The tool is built on Google’s Gemini large language models and generates HTML and CSS code with support for the Tailwind development framework, SiliconAngle reported. Stitch originally launched at Google I/O in May 2025 and remains free through Google Labs.

Market Impact

Figma shares fell 8 percent on Wednesday, March 19, followed by a decline of more than 4 percent on Thursday, according to CNBC. The stock is now down roughly 35 percent year-to-date, tumbling alongside a broader slide in the software industry that has been driven by concerns about artificial intelligence displacing paid software tools.

Google is not charging for Stitch, nor does it make promises about the long-term availability of the service, CNBC noted. The lack of a price tag has amplified investor anxiety about competitive threats to Figma’s subscription-based business model, which charges between $15 and $45 per month.

What We Don’t Know

Several questions remain unanswered. Google has not disclosed adoption numbers for Stitch or provided a timeline for when it might exit the Labs experimental phase and become a fully supported product. It is also unclear whether Google intends to eventually charge for the tool or continue offering it for free.

The quality and reliability of AI-generated designs at production scale remains unproven.
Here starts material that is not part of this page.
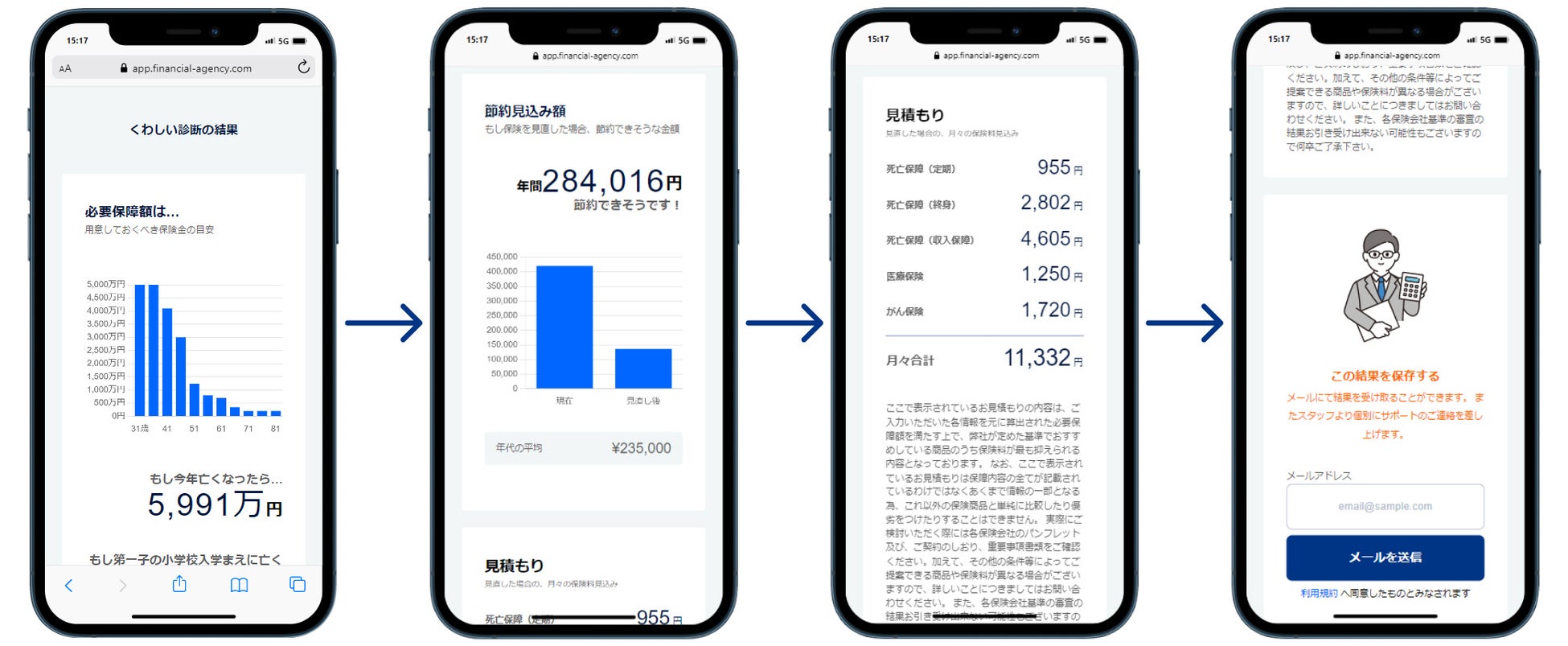 「保デジ」とは、無数にある保険商品の中から一人一人に最適なプランを提示することができる新しいAIコンサルティングサービスのWebアプリケーションです。お客様の年齢や性別、家族構成などをWeb上で入力すると、その内容をもとに算出された”必要保障額(=保険で準備しておくべき金額)”と、さらにFAが取り扱っている保険会社全50社以上、合計3,500プラン以上の中から、その“必要保障額”を満たせる最も保険料が抑えられた商品を導き出します。わからない点や詳細を知りたい点がある場合は、そのままプロのファイナンシャルプランナー(FP)にメールや電話、またはWeb面談などで無料相談をすることができます。

Early assessments from developers suggest the tool handles roughly 80 percent of initial design work effectively but still requires human refinement for polished results.
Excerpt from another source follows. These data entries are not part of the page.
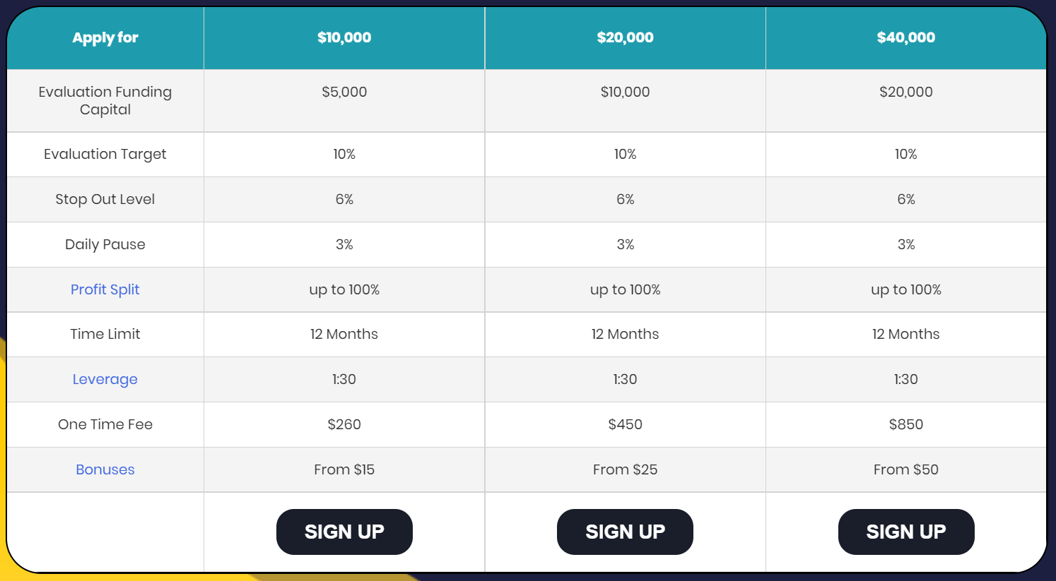 - Chi phí rẻ nhất $95/$225 và được cấp vốn nhiều nhất $100k/250k, khi vượt qua mới phải thanh toán phí $205/$350
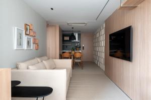 Apartament Garbo San Gabriel - Apartamento de alto padrão para curta e longa temporada wyposażono w telewizor z płaskim ekranem. Apartament w Garbo San Gabriel - Apartamento de alto padrão para curta e longa temporada wyposażony jest w kuchnię z lodówką, piekarnikiem i mikrofalówką oraz suszarkę do włosów.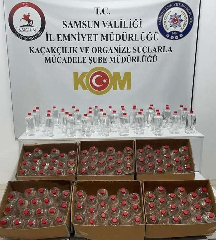 Samsun'da polis tarafından şişeler içinde 198 litre etil alkol ele geçirildi.

Whether the MCP integrations will extend beyond initial coding assistants to support the broader ecosystem of design and development tools is also an open question.

Analysis

The Stitch update represents a broader pattern in which large platform companies are using AI to commoditize adjacent software categories. By offering a free AI design tool that generates production-ready code, Google is effectively positioning initial UI design as a commodity — shifting competitive value from the creation phase to the refinement and system-management phase where tools like Figma have traditionally dominated.

The timing is notable. Figma went public in 2025 after its failed $20 billion acquisition by Adobe, and is now navigating public-market pressures while simultaneously defending against AI disruption from multiple directions. The 35 percent year-to-date decline in Figma’s stock reflects a market that is repricing the entire design software category in anticipation of AI-driven disruption.